# Ojt



## Phillipd (Jan 7, 2020)

Our trade school is off for spring break next week and I’m fortunate enough to get a great contractor to allow me to do OJT with them next week. I’ve submitted my resume and from what I know about the company so far it is definitely a place I’d like to become employed in the spring. Other than the obvious does anyone have any advice? Thank you


----------



## joebanana (Dec 21, 2010)

Ummmm, does this "trade school" have any type of placement program, or are you on your own finding employment? Is this an accreted apprenticeship program, with a completion date, or an ongoing course? Do they offer continuing education? ie. courses to keep your cert. valid. Is this a daytime program, or nights, so you can work during the day? Do you get annual pay raises through this program?


----------



## telsa (May 22, 2015)

Prince Edward Island is a tough place to find work -- usually.

Further, the OP indicates that this gig is for the duration of his break.

So my advice would be to keep your eyes open -- and to become very aware of safety standards, as practiced.

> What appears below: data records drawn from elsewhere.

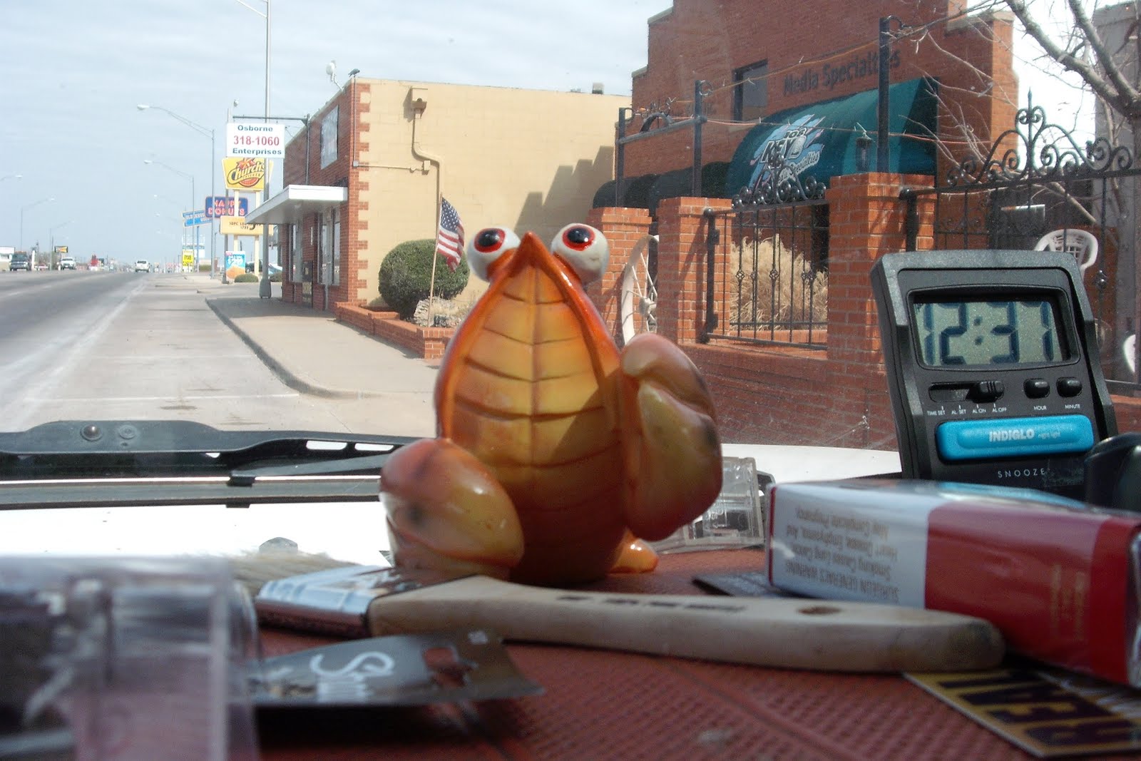 Meanwhile, because the wind is so unpredictable in this part of Oklahoma, we have held off installing the right shadows on the wall - below the painted awnings to REALLY make them appear to actually be there. Whats missing? ...well right at the corner of the wall is where the name of the place will go.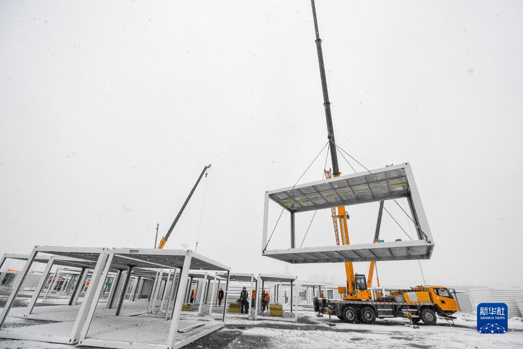 惡劣的天氣,阻擋不了“中國速度”。施工現場,各種大型機械馬力全開,正火速把一個個公共汽車大小的白色方艙有序組合起來。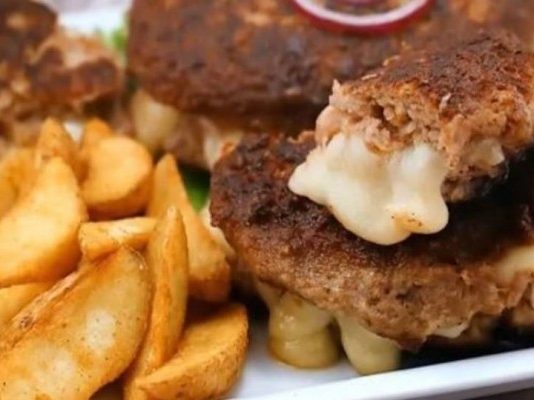 Μπιφτέκια γεμιστά με 2 τυριά και τραγανές πατάτες!

Take notes and pictures -- your smart phone, of course.


----------



## Phillipd (Jan 7, 2020)

Hi, yes the course accredits for 850 hours in the field and is a 30 hour per week daytime program. We cover theory about 1/3 of our day , hands on another 1/3 with the balance made up between trade math, computer/communication training and blueprints. In most cases were on our own to find an ojt placement but in my case one of my instructors made the call for me as he thought I’d be good fit for this particular crew after I expressed interest in ojt. The official last day on classes is May 8 and we will be writing the block 1 exam that week also. After each 2000 hours there after as an apprentice we can go back for further training to write the next consecutive blocks. I’m going to leave my phone in my lunch can and stay more focused on my work and listening. They offer placement assistance and said 9/10 a good week of ojt results in full time employment after graduation.


----------



## Cosmorok (Jun 3, 2019)

I did a pre-apprenticeship, got hours from it and at the end got a placement for an apprenticeship, similar path as the one you're on. Near the end of the course, two college employees came in and mentioned this service that their office offered to match up potential apprentices with employers, the catch being you have to sign up for it yourself because they weren't going to do it for you. Maybe your school has a program like that, ask your profs or do some digging online. The fact that one of your instructors mentioned a lead and you expressed interest is very good, to me it sounds like you're doing it the right way, I hope it gets you a step in the right direction.


----------